• **What you have to do**
Pictures are not part of the copy; reproduce the remaining data exactly.

===

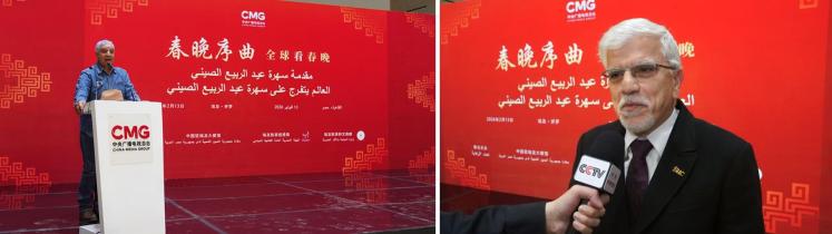 當?shù)貢r間2月13日,“春晚序曲 全球看春晚”埃及專場活動在開羅舉行。本次活動由中國中央廣播電視總臺與中國駐埃及大使館、埃及旅游和文物部、埃及旅游促進局共同主辦。中宣部副部長、中央廣播電視總臺臺長慎海雄作視頻致辭。中國駐埃及大使兼駐阿盟全權代表廖力強,埃及政府代表、埃及外交部亞洲事務部助哈姆扎,埃及前總理沙拉夫出席活動并致辭。埃及考古學家、前文物部長哈瓦斯,埃及旅游促進局主席代拉提芙,埃及外交事務委員會執(zhí)行主任伊扎特,巴德爾大學副校長巴斯歐尼,阿盟非洲事務司司長布斯坦吉,阿盟理事會秘書處主任法赫米等中埃兩國政界、學術界、媒體界代表200余名嘉賓參加活動。
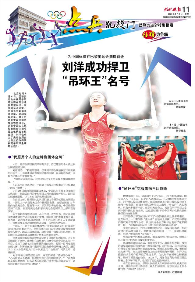 “吊环王”名号   北京时间8月4日,巴黎奥运会体操男子吊环决赛在贝尔希体育馆举行。东京奥运会冠军、中国选手刘洋夺得冠军,成功实现卫冕。男子吊环是中国体操队传统优势项目,这是中国队在巴黎奥运会体操项目上收获的首枚金牌,刘洋也成为了奥运会历史上第三位夺得两枚男子吊环金牌的运动员。
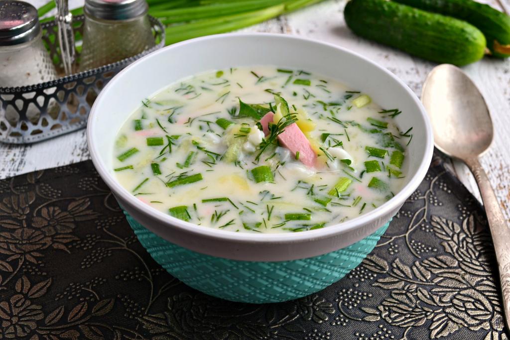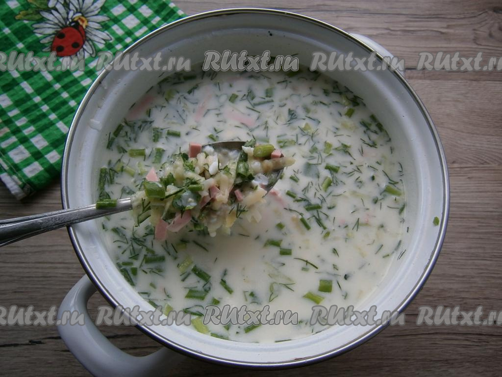 Разбавить блюдо сывороткой до нужной вам густоты. Окрошку посолить, всыпать немного сахара, перемешать и охладить.
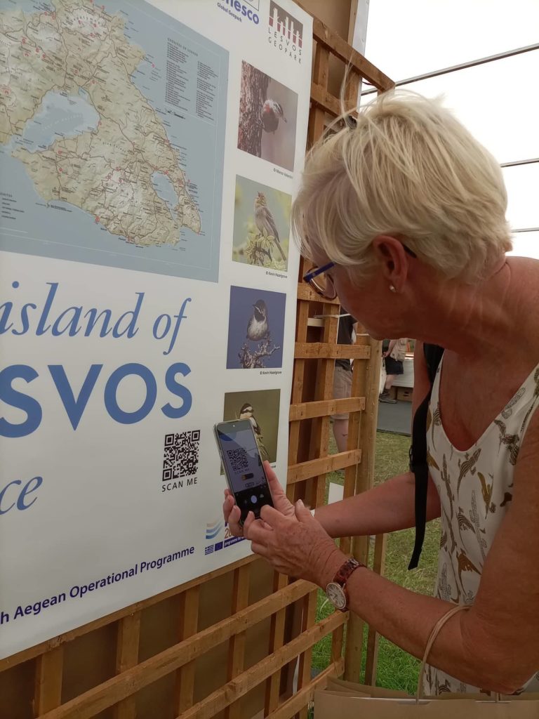 Στο περίπτερο της Λέσβου υποδέχονταν τους επισκέπτες και παρείχαν πληροφόρηση για την ορνιθοπανίδα και τις δυνατότητες ορνιθοπαρατήρησης η Δρ Ελένη Γαληνού, υπεύθυνη για την καταγραφή και προβολή ορνιθοπανίδας στο Μουσείο, και ο Στέλιος Ζαννέτος, Υπ. Διδάκτορας του Τμήματος Περιβάλλοντος Παν. Αιγαίου.
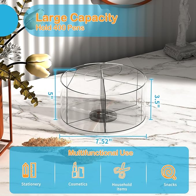 - Large Capacity Spinning Desk Organizer: Good size diameter: 7.52", height: 3.5". This acrylic pen holder is divided into 6 compartments, you can sort different types of pens, pencils, crayons, highlighters, markers, art supplies, etc into different sections. You can maximize the use of space with our 360° rotating acrylic office supply organizer. Mefirt rotating desk organizer, get everything organized!
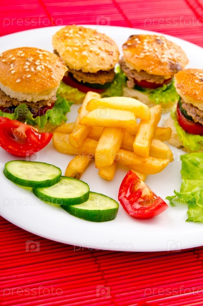 Тарелка с мини-гамбургерами, картофелем фри и овощами
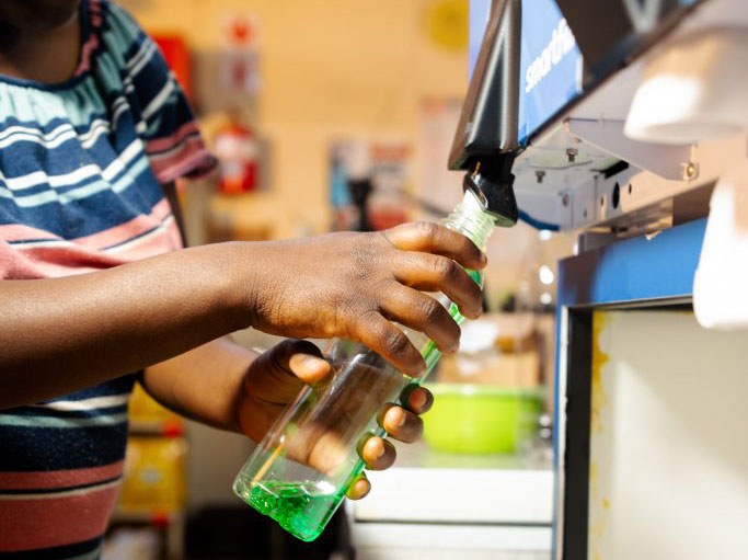 Smartfill’s refill dispensers in South Africa’s township shops allow customers to buy essentials in precise amounts at prices up to 50% lower than major supermarkets. The system targets the informal sector, a significant channel for the country’s FMCG sector. Smartfill aims to work with the spaza shops rather than compete against them.[Image Credit: © Smartfill]
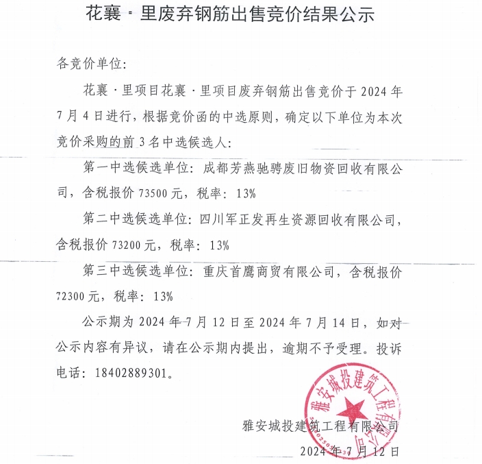 花襄·里廢棄鋼筋出售競價結(jié)果公示
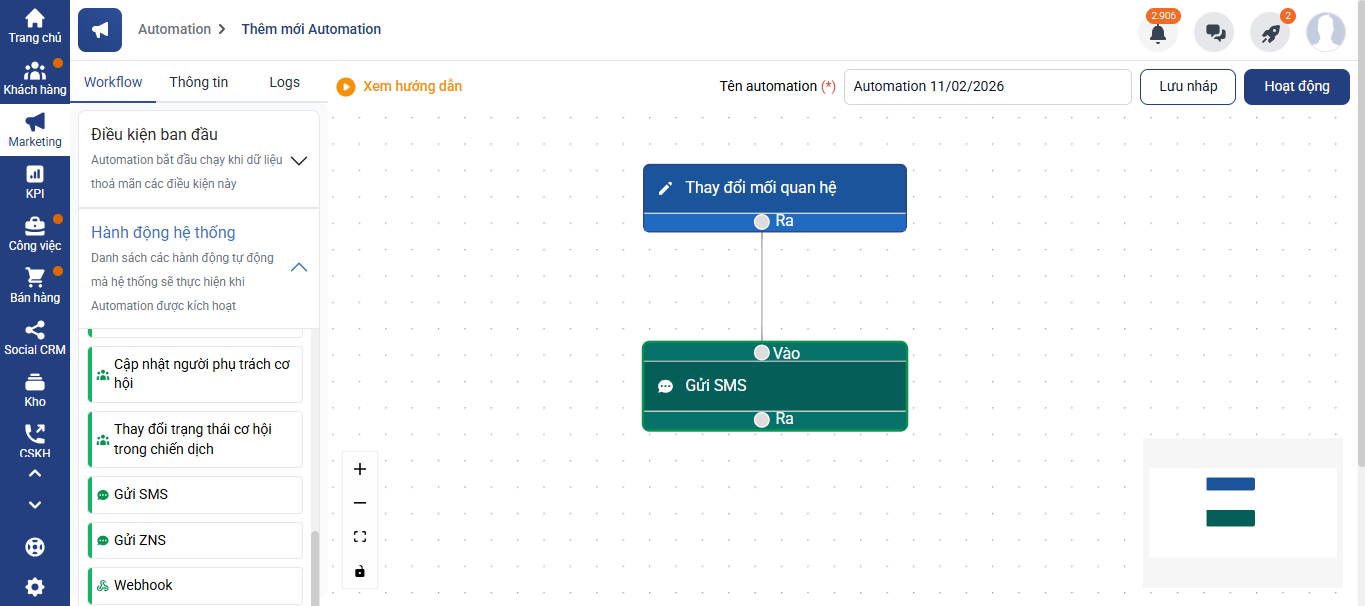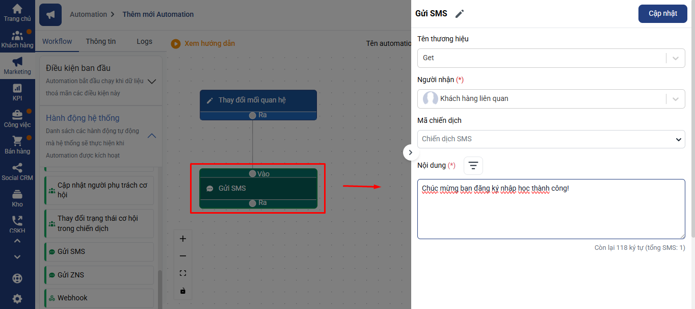 - Tự động gửi SMS khi khách hàng được chuyển từ mối quan hệ này sang mối quan hệ khác
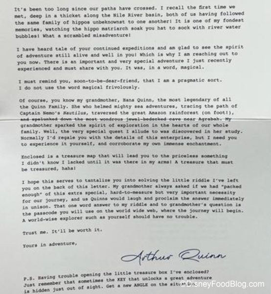 The letter is from an adventurer named Arthur Quinn. We wonder…is he part of the Society of Explorers and Adventurers? Our letter also offers a very important hint, along with a story of a “scrambled misadventure.”

===

• **Answer below**
 當?shù)貢r間2月13日,“春晚序曲 全球看春晚”埃及專場活動在開羅舉行。本次活動由中國中央廣播電視總臺與中國駐埃及大使館、埃及旅游和文物部、埃及旅游促進局共同主辦。中宣部副部長、中央廣播電視總臺臺長慎海雄作視頻致辭。中國駐埃及大使兼駐阿盟全權代表廖力強,埃及政府代表、埃及外交部亞洲事務部助哈姆扎,埃及前總理沙拉夫出席活動并致辭。埃及考古學家、前文物部長哈瓦斯,埃及旅游促進局主席代拉提芙,埃及外交事務委員會執(zhí)行主任伊扎特,巴德爾大學副校長巴斯歐尼,阿盟非洲事務司司長布斯坦吉,阿盟理事會秘書處主任法赫米等中埃兩國政界、學術界、媒體界代表200余名嘉賓參加活動。
 “吊环王”名号   北京时间8月4日,巴黎奥运会体操男子吊环决赛在贝尔希体育馆举行。东京奥运会冠军、中国选手刘洋夺得冠军,成功实现卫冕。男子吊环是中国体操队传统优势项目,这是中国队在巴黎奥运会体操项目上收获的首枚金牌,刘洋也成为了奥运会历史上第三位夺得两枚男子吊环金牌的运动员。
 Разбавить блюдо сывороткой до нужной вам густоты. Окрошку посолить, всыпать немного сахара, перемешать и охладить.
 Στο περίπτερο της Λέσβου υποδέχονταν τους επισκέπτες και παρείχαν πληροφόρηση για την ορνιθοπανίδα και τις δυνατότητες ορνιθοπαρατήρησης η Δρ Ελένη Γαληνού, υπεύθυνη για την καταγραφή και προβολή ορνιθοπανίδας στο Μουσείο, και ο Στέλιος Ζαννέτος, Υπ. Διδάκτορας του Τμήματος Περιβάλλοντος Παν. Αιγαίου.
 - Large Capacity Spinning Desk Organizer: Good size diameter: 7.52", height: 3.5". This acrylic pen holder is divided into 6 compartments, you can sort different types of pens, pencils, crayons, highlighters, markers, art supplies, etc into different sections. You can maximize the use of space with our 360° rotating acrylic office supply organizer. Mefirt rotating desk organizer, get everything organized!
 Тарелка с мини-гамбургерами, картофелем фри и овощами
 Smartfill’s refill dispensers in South Africa’s township shops allow customers to buy essentials in precise amounts at prices up to 50% lower than major supermarkets. The system targets the informal sector, a significant channel for the country’s FMCG sector. Smartfill aims to work with the spaza shops rather than compete against them.[Image Credit: © Smartfill]
 花襄·里廢棄鋼筋出售競價結(jié)果公示
 - Tự động gửi SMS khi khách hàng được chuyển từ mối quan hệ này sang mối quan hệ khác
 The letter is from an adventurer named Arthur Quinn. We wonder…is he part of the Society of Explorers and Adventurers? Our letter also offers a very important hint, along with a story of a “scrambled misadventure.”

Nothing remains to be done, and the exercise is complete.